- DATASET RECORDS
----

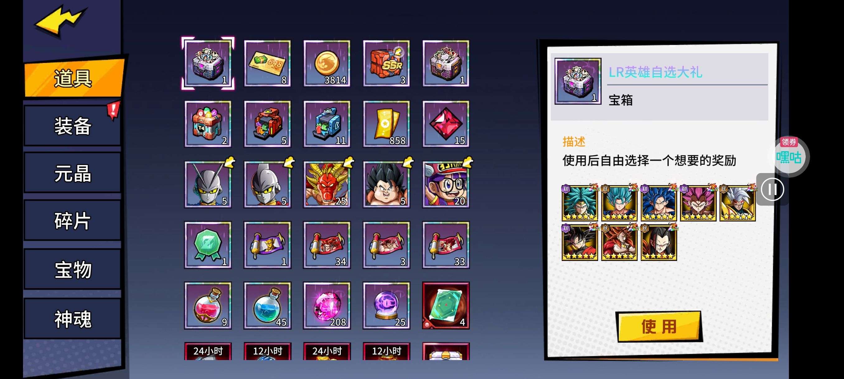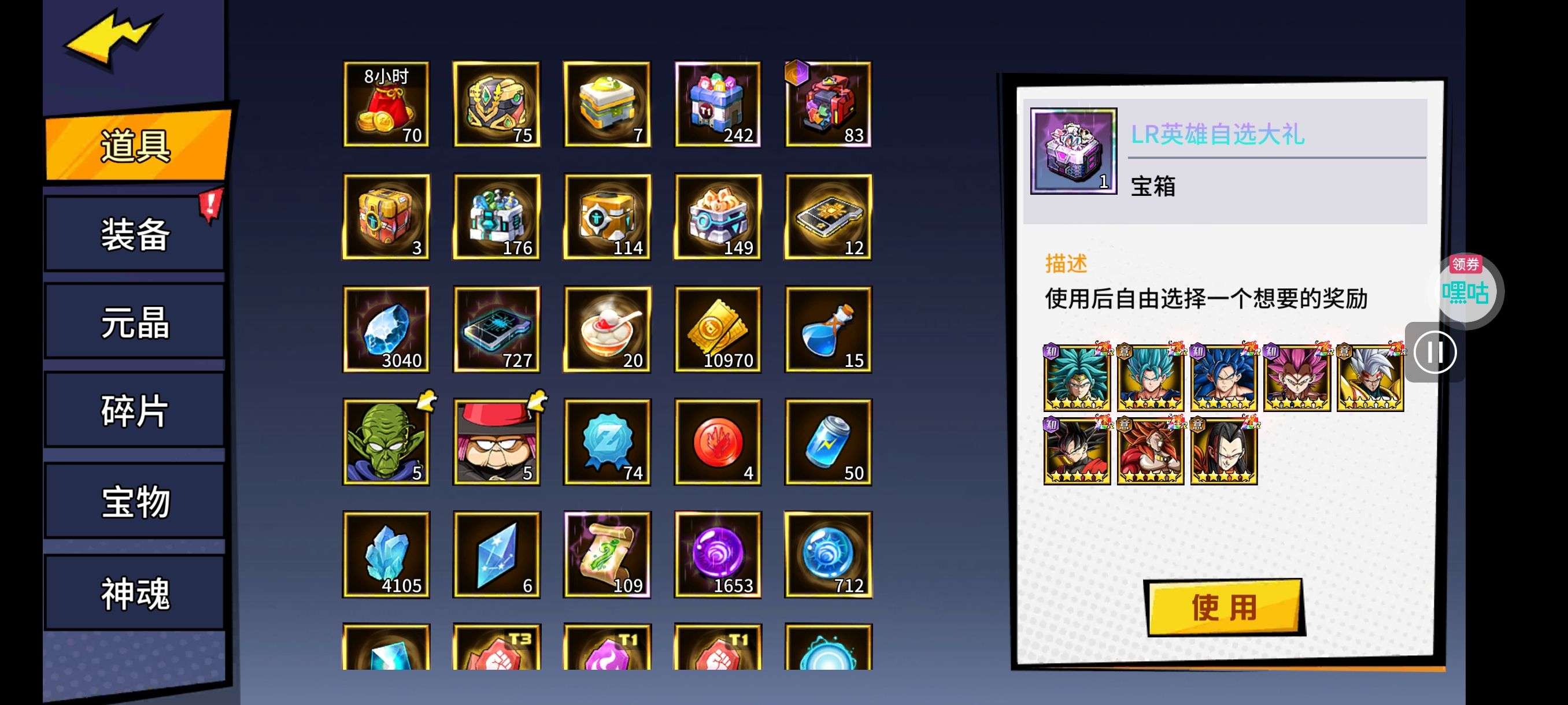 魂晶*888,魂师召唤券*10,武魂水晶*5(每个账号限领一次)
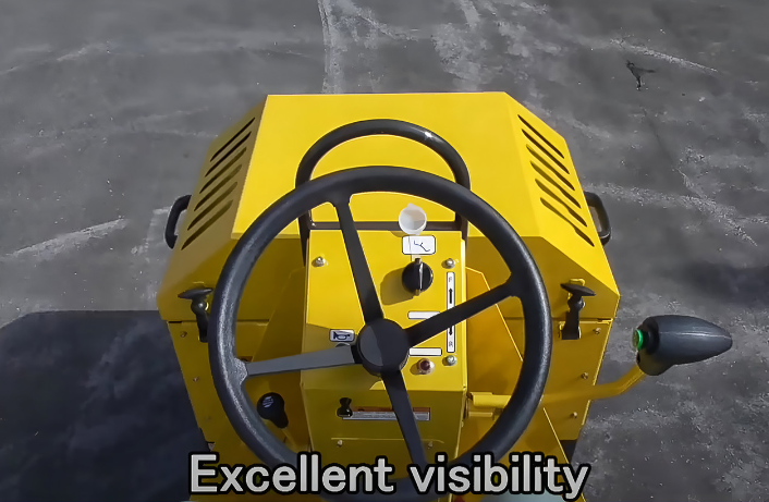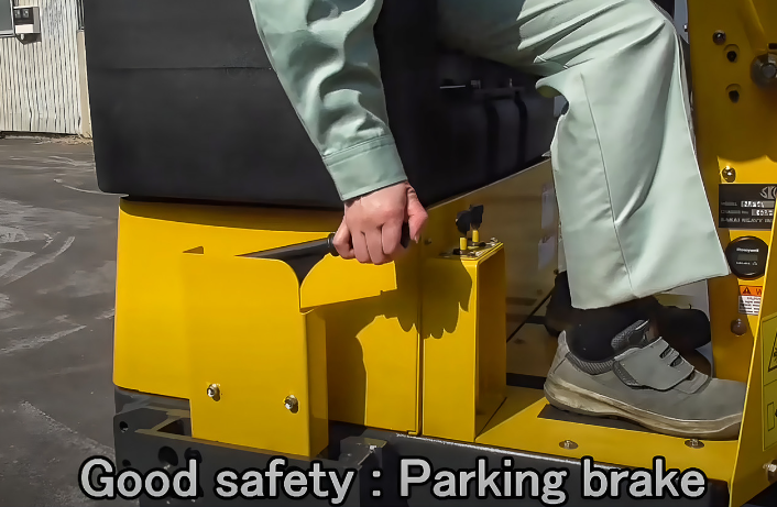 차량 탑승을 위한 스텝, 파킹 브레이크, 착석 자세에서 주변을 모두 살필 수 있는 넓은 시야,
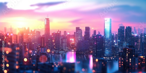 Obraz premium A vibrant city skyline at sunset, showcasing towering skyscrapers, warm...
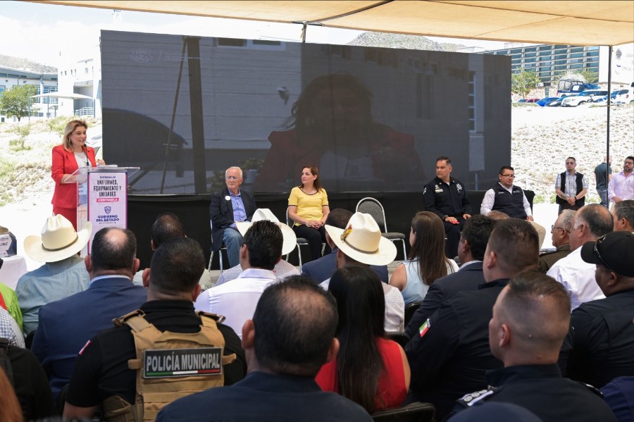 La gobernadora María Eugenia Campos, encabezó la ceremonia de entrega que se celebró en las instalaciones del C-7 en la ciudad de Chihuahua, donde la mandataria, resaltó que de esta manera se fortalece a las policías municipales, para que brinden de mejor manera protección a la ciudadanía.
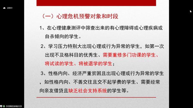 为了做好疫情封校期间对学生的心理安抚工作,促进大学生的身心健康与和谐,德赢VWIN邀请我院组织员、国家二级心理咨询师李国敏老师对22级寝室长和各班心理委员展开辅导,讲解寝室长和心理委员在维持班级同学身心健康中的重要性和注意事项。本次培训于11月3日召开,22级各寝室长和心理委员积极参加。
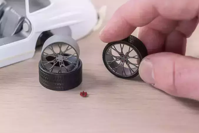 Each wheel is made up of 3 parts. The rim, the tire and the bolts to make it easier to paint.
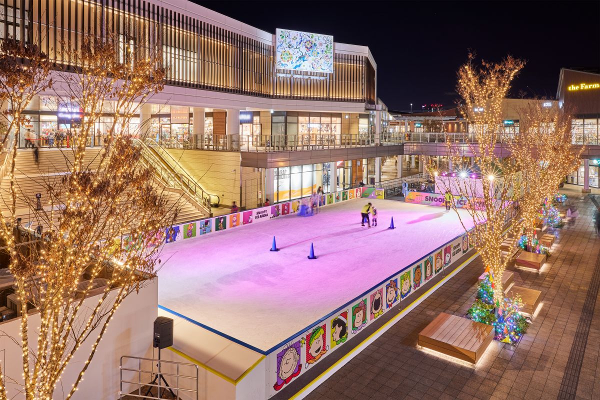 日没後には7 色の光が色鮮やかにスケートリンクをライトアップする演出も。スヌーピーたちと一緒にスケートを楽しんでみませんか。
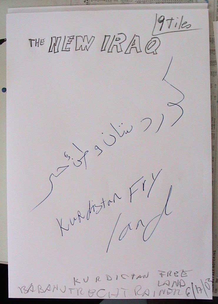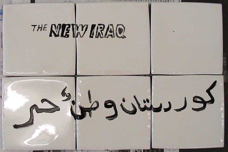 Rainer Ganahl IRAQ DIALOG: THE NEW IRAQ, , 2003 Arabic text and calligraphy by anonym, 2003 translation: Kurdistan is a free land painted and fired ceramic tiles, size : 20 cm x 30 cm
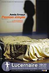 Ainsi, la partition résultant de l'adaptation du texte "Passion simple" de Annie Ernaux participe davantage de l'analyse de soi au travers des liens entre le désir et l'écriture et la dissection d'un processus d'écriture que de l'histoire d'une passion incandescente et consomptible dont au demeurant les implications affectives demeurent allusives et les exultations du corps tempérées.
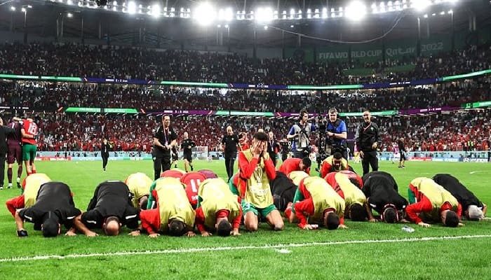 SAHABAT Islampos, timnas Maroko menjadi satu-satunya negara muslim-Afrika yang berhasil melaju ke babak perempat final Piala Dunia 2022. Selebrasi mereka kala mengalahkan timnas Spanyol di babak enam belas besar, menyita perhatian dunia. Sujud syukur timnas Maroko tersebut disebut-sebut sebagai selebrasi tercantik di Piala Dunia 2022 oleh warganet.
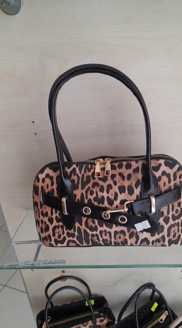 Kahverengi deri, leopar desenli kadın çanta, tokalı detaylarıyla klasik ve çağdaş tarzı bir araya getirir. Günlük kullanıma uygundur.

----

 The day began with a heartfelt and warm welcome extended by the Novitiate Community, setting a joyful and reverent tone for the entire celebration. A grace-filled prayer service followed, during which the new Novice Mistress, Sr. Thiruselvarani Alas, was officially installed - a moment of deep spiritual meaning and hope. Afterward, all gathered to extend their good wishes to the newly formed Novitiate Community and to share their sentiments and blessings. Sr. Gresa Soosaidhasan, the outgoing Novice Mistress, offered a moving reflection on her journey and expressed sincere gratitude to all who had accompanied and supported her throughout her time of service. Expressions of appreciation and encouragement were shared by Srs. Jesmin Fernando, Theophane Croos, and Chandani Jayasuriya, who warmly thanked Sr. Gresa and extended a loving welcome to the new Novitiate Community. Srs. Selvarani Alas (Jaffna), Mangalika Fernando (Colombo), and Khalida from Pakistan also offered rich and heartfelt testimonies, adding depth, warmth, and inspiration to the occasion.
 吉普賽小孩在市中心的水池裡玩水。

----

Everything from the line with "魂晶*888,魂师召唤券*10,武魂水晶*5(每个账号限领一次)" down to the line with "Ainsi, la partition" in the data above should be copied exactly, with both end lines kept and the pictures left out.

 魂晶*888,魂师召唤券*10,武魂水晶*5(每个账号限领一次)
 차량 탑승을 위한 스텝, 파킹 브레이크, 착석 자세에서 주변을 모두 살필 수 있는 넓은 시야,
 Obraz premium A vibrant city skyline at sunset, showcasing towering skyscrapers, warm...
 La gobernadora María Eugenia Campos, encabezó la ceremonia de entrega que se celebró en las instalaciones del C-7 en la ciudad de Chihuahua, donde la mandataria, resaltó que de esta manera se fortalece a las policías municipales, para que brinden de mejor manera protección a la ciudadanía.
 为了做好疫情封校期间对学生的心理安抚工作,促进大学生的身心健康与和谐,德赢VWIN邀请我院组织员、国家二级心理咨询师李国敏老师对22级寝室长和各班心理委员展开辅导,讲解寝室长和心理委员在维持班级同学身心健康中的重要性和注意事项。本次培训于11月3日召开,22级各寝室长和心理委员积极参加。
 Each wheel is made up of 3 parts. The rim, the tire and the bolts to make it easier to paint.
 日没後には7 色の光が色鮮やかにスケートリンクをライトアップする演出も。スヌーピーたちと一緒にスケートを楽しんでみませんか。
 Rainer Ganahl IRAQ DIALOG: THE NEW IRAQ, , 2003 Arabic text and calligraphy by anonym, 2003 translation: Kurdistan is a free land painted and fired ceramic tiles, size : 20 cm x 30 cm
 Ainsi, la partition résultant de l'adaptation du texte "Passion simple" de Annie Ernaux participe davantage de l'analyse de soi au travers des liens entre le désir et l'écriture et la dissection d'un processus d'écriture que de l'histoire d'une passion incandescente et consomptible dont au demeurant les implications affectives demeurent allusives et les exultations du corps tempérées.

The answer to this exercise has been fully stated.